With reference to FIGS. 7-8, in this embodiment, the tripod head is further provided with a damping actuating member 8. The damping actuating member 8 is rotatably arranged on the case 1. Multiple damping plate assemblies 9 are sleeved on the pivot shaft 2. The case 1 is also movably provided with an adjusting post 13. The adjusting post 13 is provided with locking protrusions 131 for clamping the damping plate assemblies 9. The locking protrusions 131 correspond to multiple damping plate assemblies 9, and the damping actuating member 8 is provided with damping triggers 81 for driving the locking protrusions 131 to move. The damping triggers 81 are connected to the adjusting post 13.

In some aspects, there are multiple adjusting posts 13, and there are multiple damping triggers 81 on the damping actuating member 8. The multiple damping triggers 81 correspond to the multiple adjusting posts 13.

In some aspects, a rotating groove 14 is arranged on the side of the case 1, and one end of each adjusting post 13 passes through the case 1 to be exposed inside the rotating groove 14. The damping triggers 81 are movably arranged within the rotating groove 14. Specifically, the rotating groove 14 is an annular rotating groove 14, and multiple damping triggers 81 are annularly distributed to be movably arranged within the rotating groove 14. Specifically, the other end of each adjusting post 13 is used for connecting to a spring or the like.

When the damping actuating member 8 is rotated, the damping triggers 81 on the damping actuating member 8 press against the corresponding adjusting posts 13, causing the locking protrusions 131 of the adjusting posts 13 to move to the sides of the corresponding damping plate assemblies 9 to clamp the gears of the damping plate assemblies 9, thereby clamping the damping plate assemblies 9. This prevents the damping plate assemblies 9 from rotating with the pivot shaft 2, thereby generating damping with other damping plate assemblies 9 and thus adjusting the damping of the tripod head.

Moreover, based on the cooperation of the multiple damping triggers 81 and the multiple adjusting posts 13, the damping actuating member 8 can be rotated to control the clamping of different numbers of damping plate assemblies 9, thereby adjusting the damping magnitude and forming different damping gears.

With reference to FIG. 2, in this embodiment, the mounting assembly 3 includes two side plates 31 and a quick-release plate 32 for installing photography equipment.
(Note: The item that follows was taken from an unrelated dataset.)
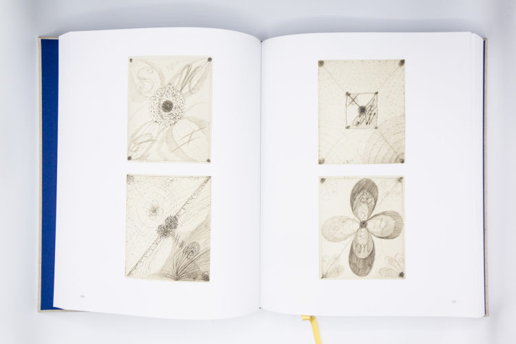 Les dessins de ce premier volume d’un nouveau catalogue raisonné représentent une période intense de dix ans de la vie de Hilma af Klint (1862-1944) qui allait poser les bases de ses réalisations ultérieures. En 1896, af Klint et quatre autres femmes ont formé les Cinq, un groupe imprégné des croyances spiritualistes qui imprégnaient l’Europe à cette époque, notamment la théosophie, le rosicrucianisme et d’autres courants de la pensée religieuse libérale. De 1896 à 1907, les Cinq se sont engagés dans une méthode systématique quotidienne d’expérimentations spirituelles. Lors des séances, Hilma af Klint dessinait automatiquement des esquisses spirituelles à partir des messages que le médium (pas toujours le même membre) communiquait des esprits que le groupe convoquait. Le système élaboré de symboles, la géométrie et l’imagerie biologique qui caractérisent son travail trouvent tous leur origine au cours de cette période.

The two side plates 31 are located on the left and right sides of the case 1, respectively, and are fixed to both ends of the pivot shaft 2. The quick-release plate 32 is fixedly arranged between the two side plates 31.

With reference to FIG. 1, in this embodiment, the tripod head further includes a tripod 15, and the case 1 is arranged on the tripod 15.

As used in the claims, the indefinite articles “a” and “an” should be understood to mean “one or more” unless explicitly stated otherwise or unless the context clearly dictates a singular interpretation. The use of these articles does not limit the claimed invention to a single instance of the referenced element but rather encompasses multiple instances where applicable.

As used herein, the terms “member” and “part” each refer to a tangible, physical structure, such as a component, element, or part, which may be formed from any suitable material. Unless explicitly stated otherwise, the use of the term “member” or “part” is not intended to invoke 35 U.S.C. § 112(f), and should not be construed as a means-plus-function limitation.